**Records for the exercise**
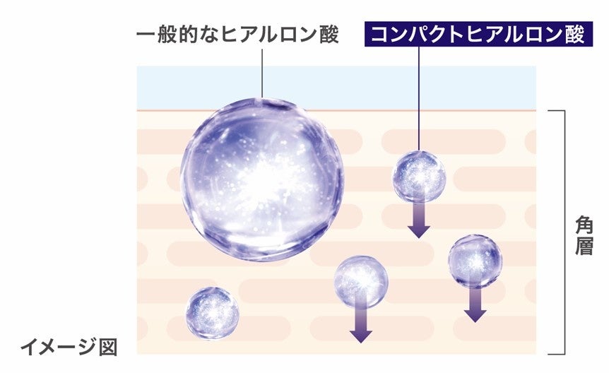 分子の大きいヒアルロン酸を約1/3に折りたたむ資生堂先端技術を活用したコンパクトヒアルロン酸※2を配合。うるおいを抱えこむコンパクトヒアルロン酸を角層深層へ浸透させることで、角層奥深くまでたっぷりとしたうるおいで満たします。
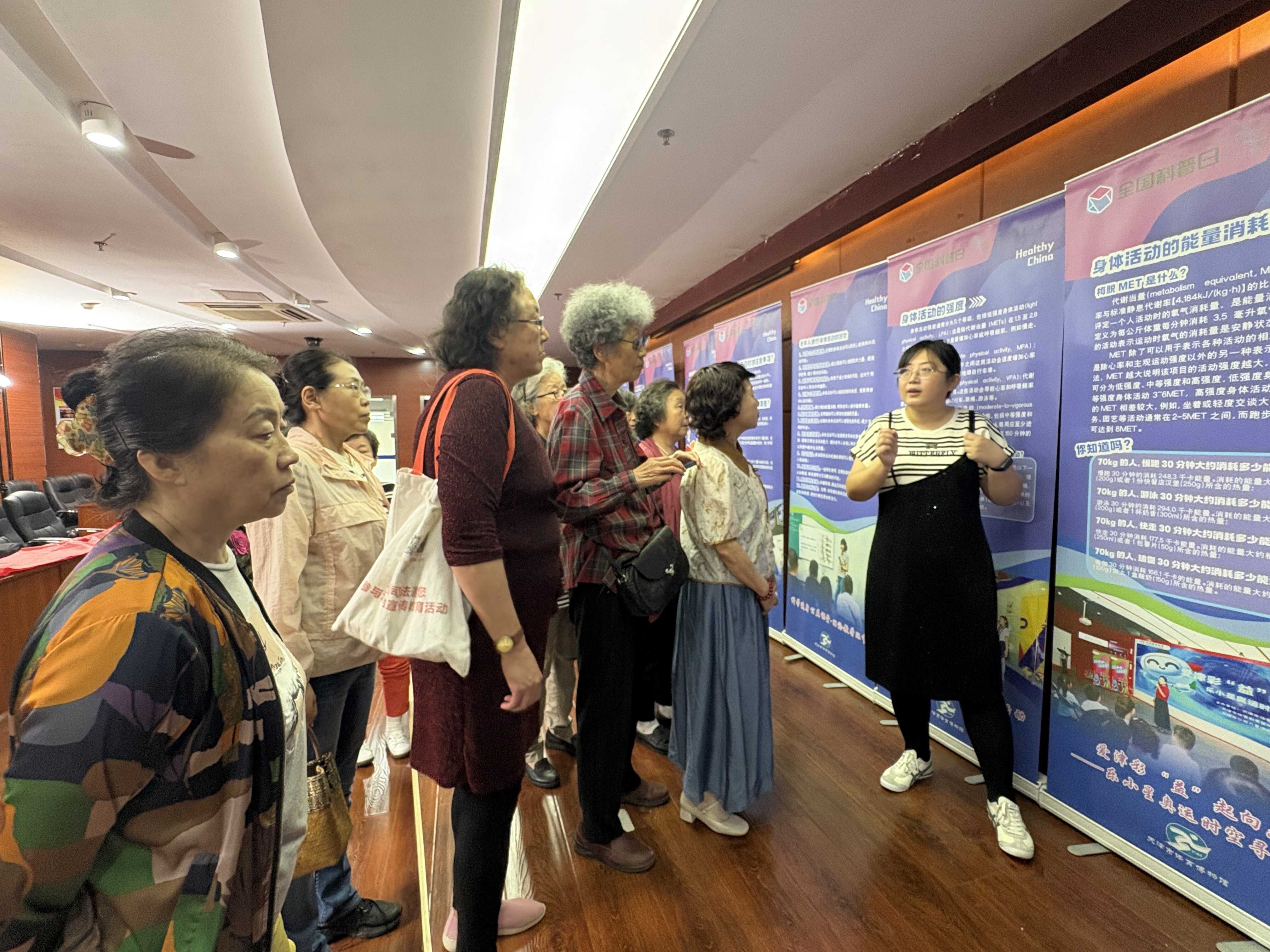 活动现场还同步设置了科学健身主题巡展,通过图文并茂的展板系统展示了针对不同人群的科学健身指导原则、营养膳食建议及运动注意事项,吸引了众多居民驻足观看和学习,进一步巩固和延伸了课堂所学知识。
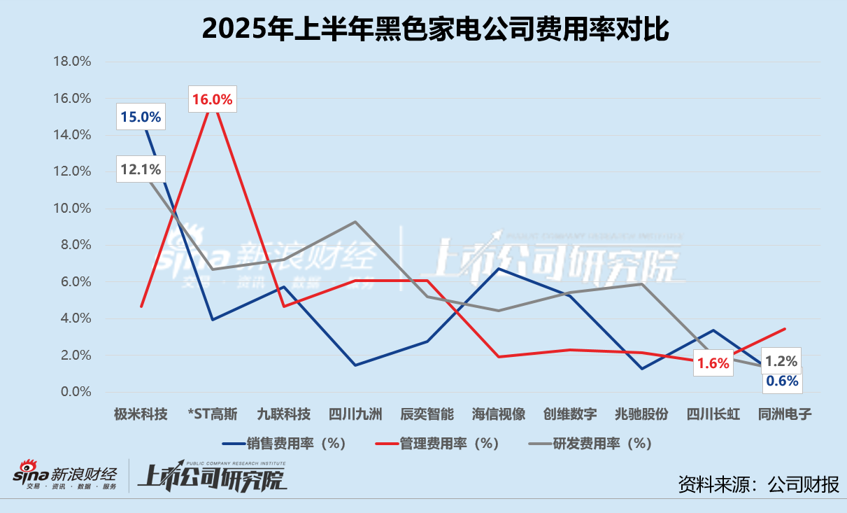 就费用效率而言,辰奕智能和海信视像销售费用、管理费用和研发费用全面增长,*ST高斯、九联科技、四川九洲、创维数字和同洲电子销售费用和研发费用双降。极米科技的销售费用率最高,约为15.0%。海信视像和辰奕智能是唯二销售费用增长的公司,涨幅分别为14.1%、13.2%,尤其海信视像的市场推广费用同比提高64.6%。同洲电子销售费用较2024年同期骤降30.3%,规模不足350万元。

* * *

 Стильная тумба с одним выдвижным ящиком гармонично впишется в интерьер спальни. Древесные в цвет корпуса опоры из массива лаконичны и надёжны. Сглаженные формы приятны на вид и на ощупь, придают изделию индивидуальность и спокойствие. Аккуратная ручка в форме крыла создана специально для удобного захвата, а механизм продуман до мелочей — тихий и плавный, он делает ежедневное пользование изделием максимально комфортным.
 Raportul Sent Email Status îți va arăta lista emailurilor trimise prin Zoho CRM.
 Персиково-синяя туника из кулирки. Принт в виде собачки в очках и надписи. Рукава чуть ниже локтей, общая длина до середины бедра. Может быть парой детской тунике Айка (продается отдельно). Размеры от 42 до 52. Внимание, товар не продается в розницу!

---

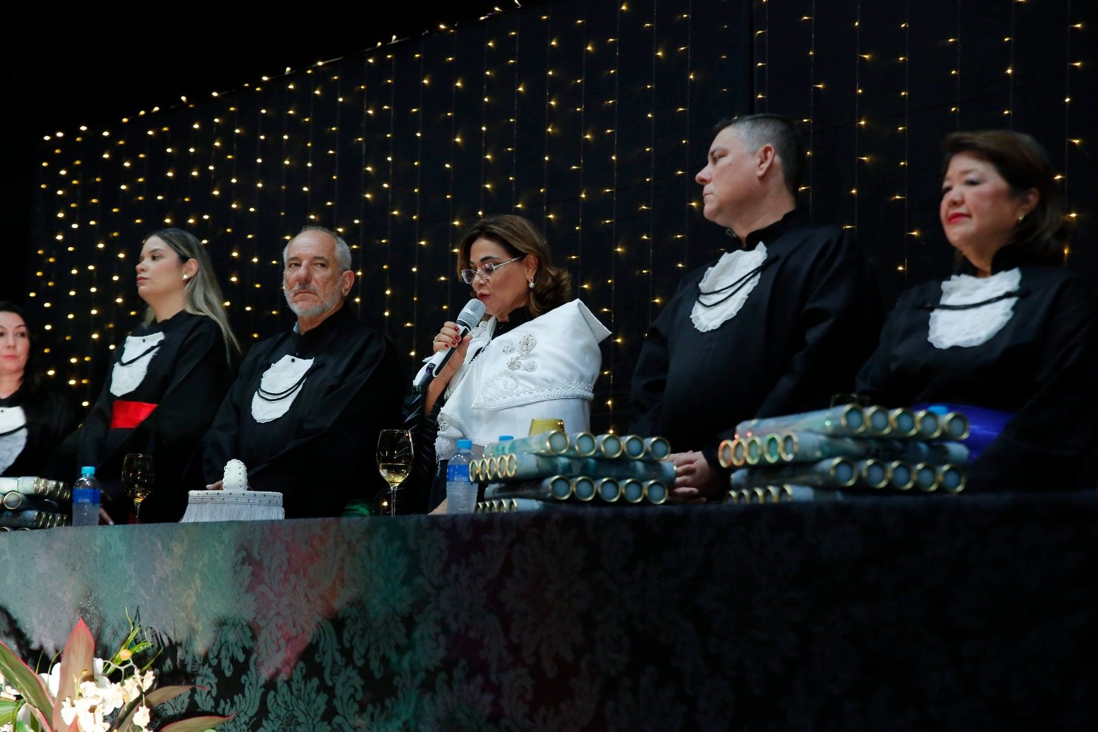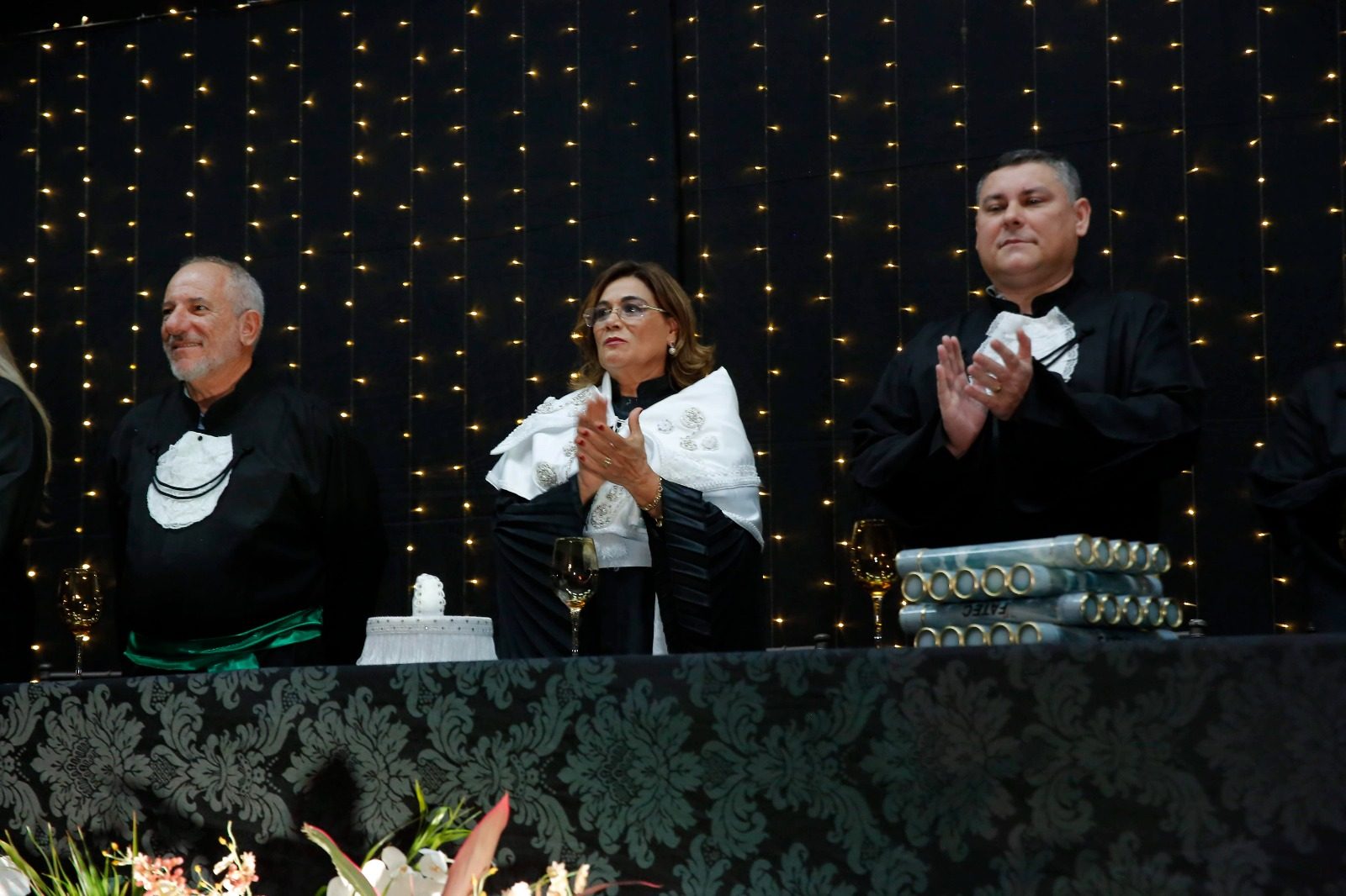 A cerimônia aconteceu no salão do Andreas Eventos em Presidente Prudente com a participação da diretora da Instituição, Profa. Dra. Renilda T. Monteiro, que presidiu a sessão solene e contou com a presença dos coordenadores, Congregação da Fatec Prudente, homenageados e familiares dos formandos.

**Your objective**
Leave out every picture, and copy exactly the lines above starting at the one holding "分子の大きいヒアルロン酸を約" and ending at the one holding "就费用效率而言,辰奕智能和海", no more and no less.

**Exercise response**
 分子の大きいヒアルロン酸を約1/3に折りたたむ資生堂先端技術を活用したコンパクトヒアルロン酸※2を配合。うるおいを抱えこむコンパクトヒアルロン酸を角層深層へ浸透させることで、角層奥深くまでたっぷりとしたうるおいで満たします。
 活动现场还同步设置了科学健身主题巡展,通过图文并茂的展板系统展示了针对不同人群的科学健身指导原则、营养膳食建议及运动注意事项,吸引了众多居民驻足观看和学习,进一步巩固和延伸了课堂所学知识。
 就费用效率而言,辰奕智能和海信视像销售费用、管理费用和研发费用全面增长,*ST高斯、九联科技、四川九洲、创维数字和同洲电子销售费用和研发费用双降。极米科技的销售费用率最高,约为15.0%。海信视像和辰奕智能是唯二销售费用增长的公司,涨幅分别为14.1%、13.2%,尤其海信视像的市场推广费用同比提高64.6%。同洲电子销售费用较2024年同期骤降30.3%,规模不足350万元。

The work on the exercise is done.